Most of the cartoons were scanned into black and white TIFF images at 600 dpi (dots per inch). The cataloguers scanned the images into Photoshop Elements and, after saving the original 600 dpi TIFF version using a filename based on the cartoon key, converted the image to grayscale and reduced its pixel density to 72 dpi for display over the Web. This new file was saved as a GIF. In cases where scanning into black and white at 600 dpi did not yield sufficient detail for viewing on a computer monitor, we scanned the cartoon into a grayscale image at 72 dpi. Colour cartoons were scanned in 24-bit colour at 72 dpi and converted for display on the web using Photoshop Elements' "Save for web" function, which produced the most consistent results with the least amount of operator intervention.

At this point, there were two images on the cataloguer's workstation, a TIFF master and a GIF display version. To complete the scanning process, the cataloguer ran a Perl script called "tm" that used parts of the ImageMagick toolkit to create a thumbnail version of the GIF file and also to get some basic information about the image such as its physical dimensions (which could be calculated from the scanning density). The information generated by ImageMagick was written to a small data file named after the cartoon key. Thumbnails were derived at 20% of the fullsized image instead of at an absolute number of pixels, so that they would give the user an idea of the relative size of the cartoons.

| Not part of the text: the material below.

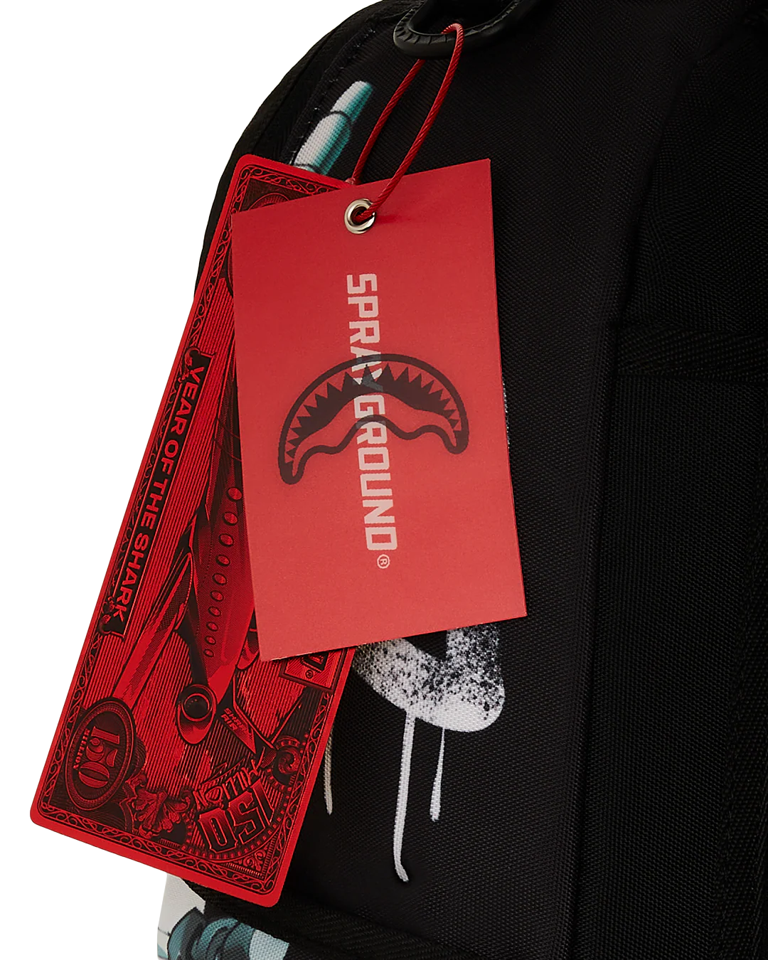 - Dimensions: 18" x 6" x 11.5" • Front zipper pocket • Side pockets • Zippered Stash pocket • Separate velour sunglass compartment • Ergonomic mesh back padding • Adjustable Straps for custom sizing • Gold zippers with metal hardware • Metal "Sprayground Authentic" badge • Slide through back sleeve connects to carry-on luggage to free your hands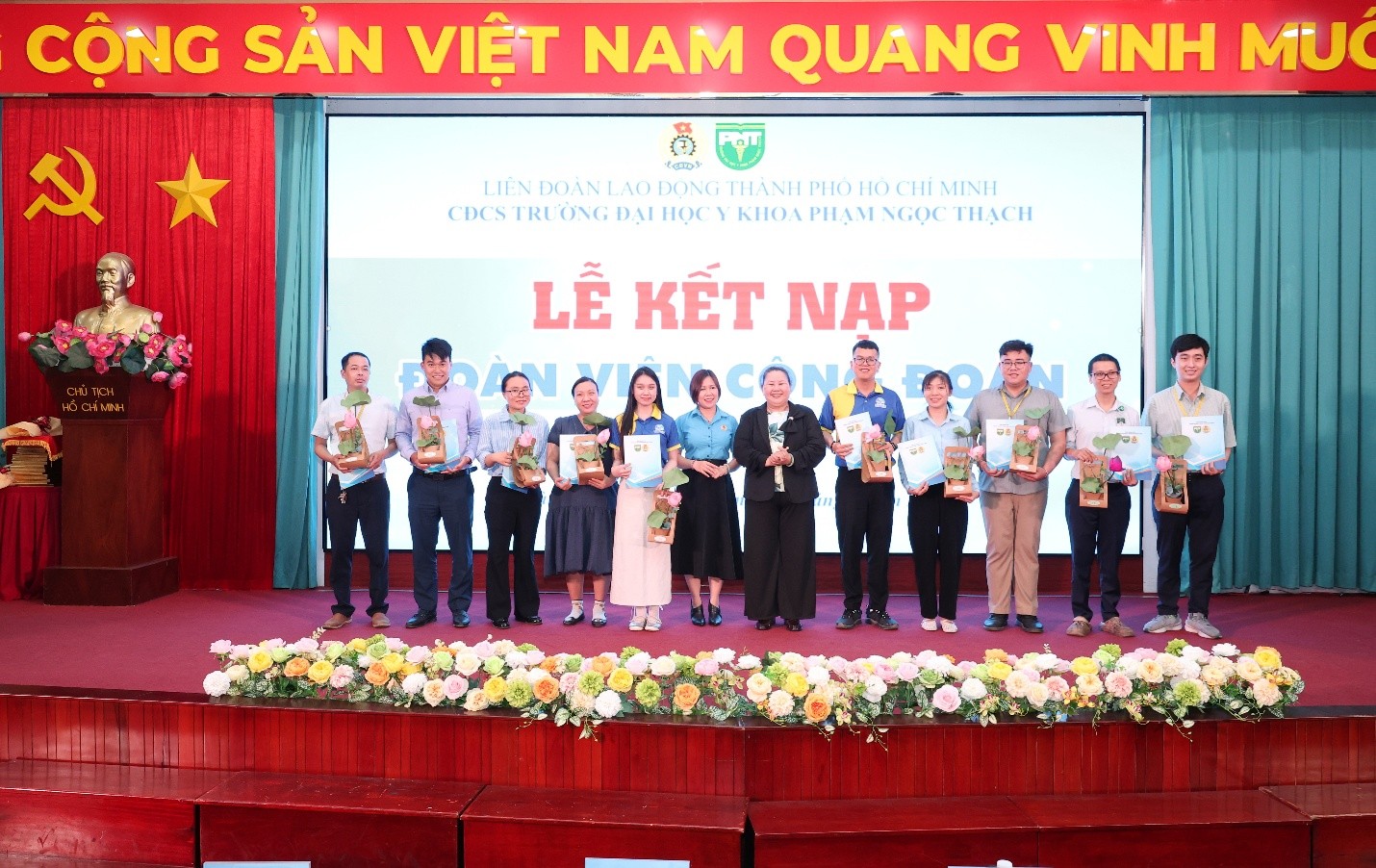 Bà Lê Thị Kim Thúy, Phó Chủ tịch LĐLĐ TPHCM, trao quyết định kết nạp cho đoàn viên mới - Công đoàn cơ sở Trường Đại học Y khoa Phạm Ngọc Thạch. (Ảnh: VPT)

Uploading four files onto the database/web server was made easier by having the cataloguing module (also written in Perl) get the files from the cataloguer's workstation instead of having the cataloguer upload the files manually. To achieve this, the workstations had FTP servers running on them, and when the cataloguer chose to create a record for a newly scanned cartoon, the cataloguing module connected to the workstation, transfered all the necessary files to the database/web server, and then using information in the data file, created a record in the database and populated the cartoonist, date on cartoon, physical description, and colour fields. The record also included the thumbnail image with a link to the full size display version, so the cataloguer could verify that these two files were uploaded into the expected locations.

Search and retrieval software

We decided to create our own database for this project, using MySQL as the backend. The search interface and the cataloguing module are based on the Perl CGI scripts developed for the Doukhobor Collection (the original scripts are freely available ). The Cartoons Collection database provides field searching, subject browsing, and limiting by date and cartoonist. It also allows the user to choose to show thumbnail images in the search results and to right-truncate search terms.